Loading...
Logo TinLit
Read Story - Simfoni Rindu Zindy
MENU
About Us  

“Hari ini udah jualan lagi?” Rara menatap keranjang hijau yang dibawa di tangan Zindy. 

“Iya, aku mau jualan lagi. Demi masa depan, Ra. Kata Ibu harus hemat. Biar uang kuliah semester pertama bisa terkumpul.” Zindy duduk di kursi yang ada di samping Rara. 

“Aku ada alasan cuci mata lagi, hehehe. Nanti aku temenin!” Rara mulai membayangkan cowok ganteng di kelas sebelah..

“Boleh. Oh ya, aku mau melunasi sisa hutangku. Makasih, ya.” Zindy menyerahkan sebuah amplop kepada Rara. 

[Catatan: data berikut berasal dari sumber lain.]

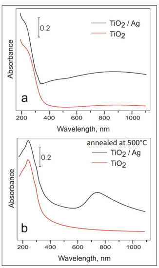 The UV-Vis spectra of the Ag_TiO2_AP (Figure 14a) and Ag_TiO2_500 (Figure 14b) TNSFs were measured on the quartz substrates using the transmission technique in a range of 190–1100 nm. The undoped TiO₂ layer showed high absorption at 330 nm. The film with deposited Ag(0)NPs showed a shoulder at 320 nm that can be regarded as interfacial charge transfer absorption and a very broad bump above 350 nm. The broad feature had a flat maximum centered at about 850 nm, which can be attributed to localized plasmon resonance (LSPR) absorption. As the LSPR is tunable and strongly dependent on the morphology (shape and size), composition, and interaction between Ag(0) NPs and the substrate, the broad feature was regarded to be a result of size distribution. Both of these absorptions could be considered to have the potential to improve the photocatalytic properties of the Ag_TiO2 NSTFs. Indeed, in Ag_TiO2_AP TNSF, the TiO2 layer showed an intensity maximum in the UV spectrum due to partial crystallization, while Ag_TiO2_500 TNSF demonstrated intense LSPR at about 730 nm. The absorption band was narrowed because annealed NPs are spherical and have a narrow diameter distribution, as proved by STEM and ImageJ analysis (Figure S6). The band, connected to interfacial charge transfer, observed in Ag_TiO2_AP vanished due to the small contact area between Ag NPs and anatase TiO2.

“Sama-sama. Eh, apaan nih, Zin!” Rara menemukan gelang tali dengan bola emas di bagian tengah kelopak bunga plastik itu. Ada sebuah surat warna pink juga. Rara membaca surat itu. Itu adalah surat tanda pembelian perhiasan emas. “Zin, kamu salah ngasih amplop ya. Ini kok ada gelang talinya? Ino mahal lho!” Rara hendak mengembalikan gelang itu. 

“Itu buat kamu, Ra!” Zindy memasangkan gelang itu ke tangan Rara. “Ini tanda terima kasih dariku. Anggap aja kita kembaran. Nih, aku juga punya.” Zindy memperlihatkan gelang tali warna pink yang sama. Gelang itu terpasang di pergelangan tangan kanannya. “Kamu yang ada waktu aku jatuh. Pinjamin modal buat jualan. Motivasi waktu aku nggak pede jadi affiliate. Sampai sekarang bisa di notice brand sekelas Emcaya. Diterima ya tanda persahabatan sederhana dari aku!” 

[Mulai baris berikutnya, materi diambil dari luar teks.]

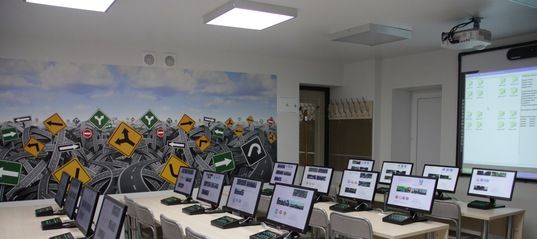 Classes are equipped with computers, it is possible to pass a trial exam for the traffic police.

“Iya, aku terima!” Rara memeluk Zindy. “Kita sahabatan terus ya. Sampai nenek-nenek dan punya cucu pokoknya! Habis lulus nggak boleh lost contact.” Rara tersenyum.

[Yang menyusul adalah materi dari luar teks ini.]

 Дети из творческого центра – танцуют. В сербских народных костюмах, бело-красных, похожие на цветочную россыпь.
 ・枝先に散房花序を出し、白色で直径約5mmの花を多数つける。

Bel elektrik tanda jam istirahat sudah berbunyi. Zindy segera membereskan alat tulisnya. Nampak anak-anak di kelasnya menyerbu ke tempat duduknya. 

“Warung Zindy udah buka ya?” Sella menyapa dengan ramah. 

“Iya,nih. Udah buka. Ayok, yang lapar boleh, lho jajan.” Zindy mulai menawarkan jajan dagangannya. 

Membandingkan takdir dengan orang lain takkan ada ujungnya. Hanua akan ada ketidakpuasan, iri dan sakit hati. Lebih baik aku mengusahakan apa yang bisa diusahakan sambil terus memohon pada Tuhan. Agar takdirku cerah di masa depan. 

“Boleh, aku kebetulan malas jalan ke kantin.” Dhea nampak memborong dagangan Zindy. 

“Aku juga mau deh.” Vira menyodorkan uang dan memilih cemilan. 

“Makasih sudah melarisi warungku, Gaes. Aku mah ke tata usaha dulu ya.” Zindy beranjak keluar dari kelas. Dia menyimpan uang pemberian Ibu ke dalam keranjangnya. 

“Mau ke kelas sebelah mana dulu?” Rara penasaran. 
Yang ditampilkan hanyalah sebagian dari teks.